- Records supplied:
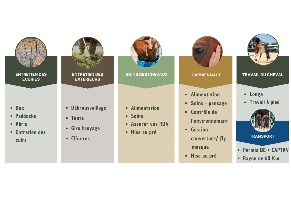 Entretien complet pour vos installations équestres. Soins personnalisés pour chaque besoin.
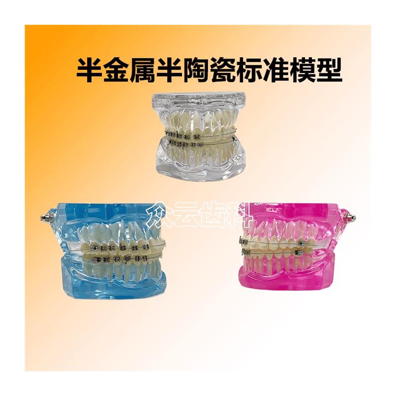 牙科 正畸口腔教学演示沟通模型 半金属半陶瓷托槽对比示范模型
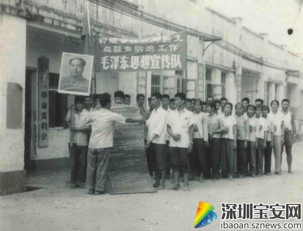 一張泛黃的老照片中,大多數(shù)人物都處在風(fēng)華正茂的年齡,赤著腳,舉著宣傳的橫幅,為血絲蟲病防治工作進(jìn)行宣傳,生動(dòng)地再現(xiàn)了“赤腳醫(yī)生”年代傳染病高居不下,生活艱苦不易,缺醫(yī)少藥的場景。盡管當(dāng)時(shí)的醫(yī)療設(shè)備十分簡陋,除了一個(gè)藥箱,幾片普通的藥片,一支針筒,幾塊紗布,別的就少得可憐。可再苦再難,這些赤腳醫(yī)生們,仍是盡職盡責(zé),滿腔熱情地為人民服務(wù)。
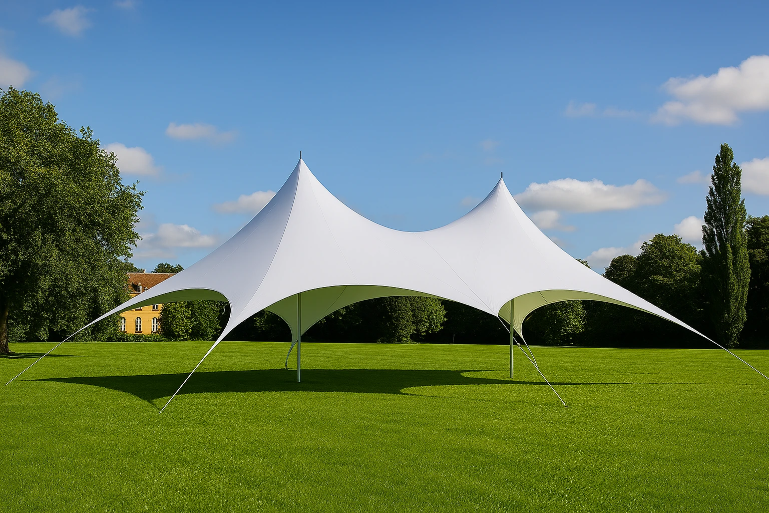 Offrez un espace majestueux et ouvert avec notre tente étoile blanche très grand format.
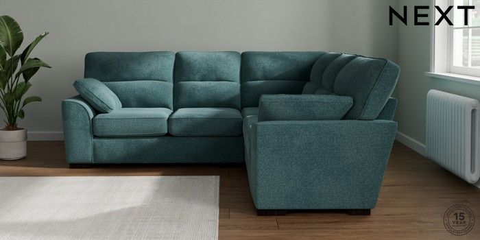 7.2.10 Buy Stamford Highback Medium Corner Sofa - Universal Chunky Chenille Mid Teal Green Large Square Angle - Dark from the Seasons online shop Click here to use our website with more accessibility support, for example screen readers
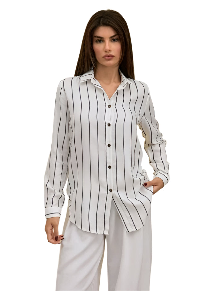 Címke nélküli, hosszú ujjú, laza fazon, klasszikus gallérral és gombos záródással. Fehér alapon vékony, függőleges csíkozás, amely optikailag nyújtja az alakot. Könnyed, légies anyag, amely tökéletes kényelmet biztosít egész nap. Stílusos és sokoldalúan kombinálható, legyen szó elegáns vagy hétköznapi viseletről.
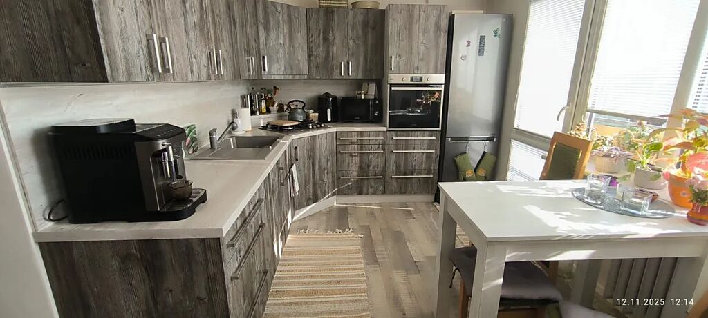 V kuchyni je rohová kuchyňská linka na míru včetně vestavěných spotřebičů varná deska, horkovzdušná trouba, digestoř, myčka, volně stojící lednice s mrazákem.
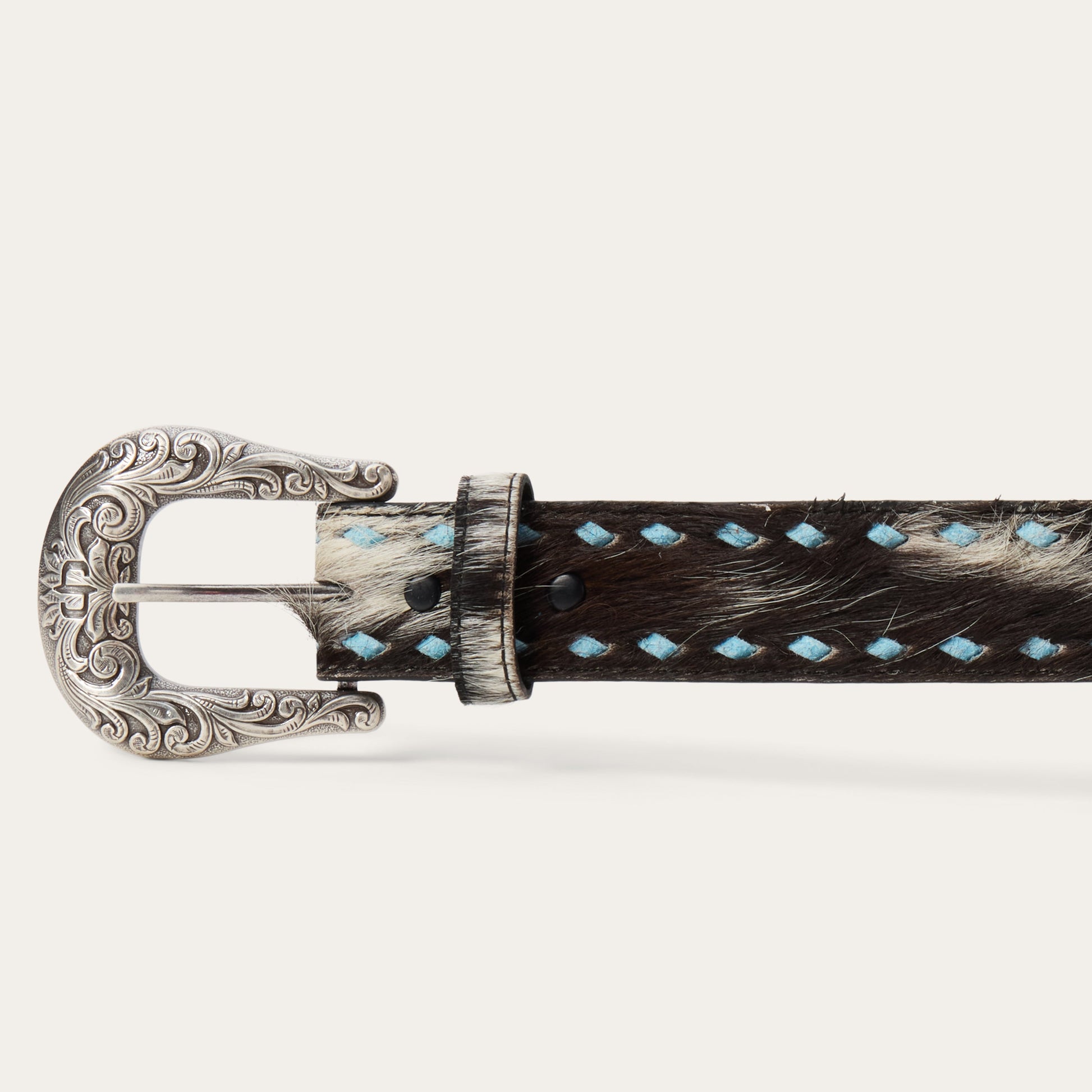 Made from top grain leather, this belt has a 1 ?" hair-on-hide strap with laced edge detail. It features five holes on the point end to ensure a proper fit for all body types and is finished with an engraved silver-tone It buckle. Our belts embody our legendary commitment to quality and make the perfect complement to your favorite hat and boots.
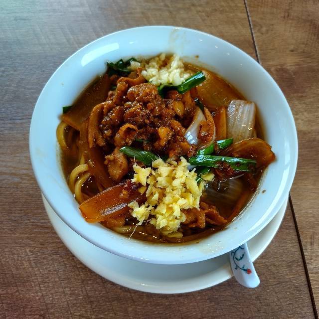 今日は凌駕IDEAさんで限定のブタガッツ頂きました。ガッツリ味付けされた豚バラ、玉ねぎ、ニラ、そこに刻んだニンニクとショウガがトッピングしていて、いかにもガッツリ系です。スープはブラック系の味わいで塩味強めですが、コクと甘味もある感じ。麺は極太、脂もあってスープをしっかり纏って、ワシワシいく感じです。半生玉葱やニンニク、ショウガで味変を楽しみながら、ガッツリ頂きました。夏にはこういうギトギトも食べたくなりますね。ご馳走さまでした。
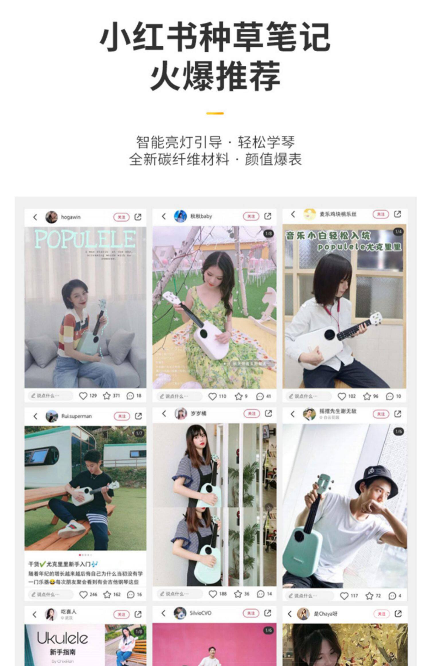 Умное укулеле с партитурой для начинающих, гитара из углеродного волокна
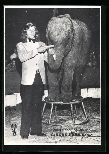 AK Berlin, Erinnerung an Zirkus Renz, Zirkus-Darsteller mit Elefant

- Assigned task:
Copy out nothing but the lines from the beginning of the records through the one that contains "牙科 正畸口腔教学演示沟通模型 半金属半陶瓷托槽对比示范模型". Skip the pictures.

- Worked solution:
 Entretien complet pour vos installations équestres. Soins personnalisés pour chaque besoin.
 牙科 正畸口腔教学演示沟通模型 半金属半陶瓷托槽对比示范模型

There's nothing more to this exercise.